PARIS: "Dépasser dénis et tabous": l'Assemblée nationale a donné jeudi un premier feu vert au projet de loi pour demander "pardon" et tenter de "réparer" les préjudices subis par les harkis et leurs familles, avec une indemnisation que l'opposition espérait plus large.
Le texte, voté en première lecture par 46 voix contre 1 et 6 abstentions, est maintenant attendu au Sénat. Près de soixante ans après la Guerre d'Algérie, il se veut la traduction législative d'un discours d'Emmanuel Macron, qui, le 20 septembre, avait demandé "pardon" à ces Algériens ayant combattu aux côtés de l'armée française, mais qui furent "abandonnés" par la France.
- "Des zones grises" -
Le projet de loi allie dimension mémorielle et indemnisation.
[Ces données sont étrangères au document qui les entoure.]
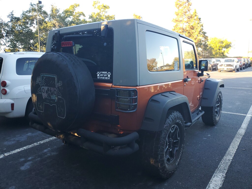 THIS VEHICLE IS EQUIPT WITH THE FOLLOWING FEATURES AND OPTIONS: Power Convenience Group (Power Heated Mirrors, Power Locks, Power Windows w/Driver & Front Passenger 1-Touch, Remote Keyless Entry, and Security Alarm), Quick Order Package 24S (17 x 7.5 Aluminum Wheels, Air Conditioning, Chrome/Leather Wrapped Shift Knob, and Leather Wrapped Steering Wheel), Trailer Tow Group (Class I Receiver Hitch, Trailer Sway Damping, and Trailer Tow w/4-Pin Connector Wiring), 16 x 7.0 Luxury Styled Steel Wheels, 4-Wheel Disc Brakes, 6 Speakers, ABS brakes, AM/FM radio, Anti-Spin Differential Rear Axle, Black Easy Folding Soft Top, Brake assist, CD player, Cloth Bucket Seats, Compass, Deep Tint Sunscreen Windows, Driver door bin, Driver vanity mirror, Dual front impact airbags, Electronic Stability Control, Front anti-roll bar, Front Bucket Seats, Front Center Armrest w/Storage, Front fog lights, Integrated roll-over protection, Low tire pressure warning, Normal Duty Suspension, Occupant sensing airbag, Outside temperature display, Passenger door bin, Passenger vanity mirror, Power steering, Radio: Media Center 130 CD/MP3, Rear anti-roll bar, SIRIUS Satellite Radio, Speed control, Steering wheel mounted audio controls, Tachometer, Tilt steering wheel, Traction control, Trip computer, and Variably intermittent wipers.

Il reconnaît "les conditions indignes de l'accueil" réservé aux 90 000 harkis et à leurs familles qui ont fui l'Algérie après l'indépendance.
Près de la moitié d'entre eux ont été relégués dans des camps et des "hameaux de forestage".
En conséquence, le projet de loi prévoit "réparation" du préjudice avec, à la clef, une somme forfaitaire tenant compte de la durée du séjour dans ces structures.
C'est sur ce volet que se sont concentrés les débats. L'opposition a réclamé une indemnisation pour les 90 000 harkis "y compris ceux qui ne sont pas passés par des camps de transit" mais ont été accueillis dans des "conditions indignes".
Des familles de harkis étaient présentes en tribunes et des associations réclamaient devant l'Assemblée une réparation élargie.
Geneviève Darrieussecq, la ministre déléguée à la Mémoire et aux Anciens combattants, a insisté sur le "préjudice spécifique" des 50.000 harkis relégués dans "six camps", "soixante-neuf hameaux de forestage" et "quelques autres foyers" de "privation de liberté", une "chose unique, particulièrement contraire à nos principes républicains".
Il y a des "zones grises, même 60 ans après", reconnaît-elle toutefois. Si des lieux supplémentaires sont identifiés, "bien entendu nous les intégrerons".
D'ores et déjà, cinquante millions d'euros ont été inscrits dans le projet de budget 2022 pour abonder le fonds d'indemnisation. La somme globale de 302 millions d'euros, pour plusieurs années, est mentionnée.
Mais la réparation "ne peut pas tout, elle n'efface pas les souvenirs douloureux", a souligné Geneviève Darrieussecq, qui appelle à être au "rendez-vous de la vérité et de l'honneur" pour tourner une des "pages les plus sombres de l'Histoire de France".
Plusieurs députés, dont certains sont des descendants de rapatriés d'Algérie, ont laissé percer leur émotion telle la rapporteure LREM Patricia Mirallès. Une gravité palpable aussi chez David Habib (PS, Pyrénées-Atlantiques) ou Alexis Corbière (LFI, Seine-Saint-Denis) dont les circonscriptions comptent de nombreux descendants de harkis.
- "La guerre est finie" -
"La guerre est finie et malheur à ceux qui réactivent sans cesse les termes du conflit", a déclaré M. Corbière, visant implicitement le polémiste d'extrême droite et candidat putatif à la présidentielle Eric Zemmour.
"Ces hommes qui n'avaient pas de prénom français et étaient de religion musulmane ont mieux défendu la France que certains traîtres à la Nation", a aussi souligné Julien Aubert (LR) dans une allusion sibylline à des déclarations de M. Zemmour.
Le député du Vaucluse a au passage dénoncé la reconnaissance en 2018 par Emmanuel Macron de la responsabilité de l'Etat dans la disparition et la mort sous la torture du mathématicien Maurice Audin, en 1957. Un militant de l'indépendance algérienne que M. Aubert a présenté, sous les protestations de la gauche, comme un "traître" à la patrie.
Mme Darrieussecq a aussitôt appelé à ne pas remettre "une pièce dans la machine de confrontation des mémoires".
Avec ce projet de loi, le président Macron va plus loin que ses prédécesseurs, en reconnaissant une "dette" envers les harkis et leurs familles. Demander "pardon" est loin d'être anodin lorsqu'il est question du conflit algérien, un sujet toujours aussi brûlant des deux côtés de la Méditerranée comme l'ont rappelé les récentes tensions entre Paris et Alger.
Jusqu'à 200 000 harkis avaient été recrutés comme auxiliaires de l'armée française pendant le conflit entre 1954 et 1962.
Une journée d'hommage de la nation leur est consacrée chaque 25 septembre, depuis un décret de 2003. Symboliquement, les députés ont voté jeudi pour que cette date du 25 septembre soit explicitement "inscrite dans la loi".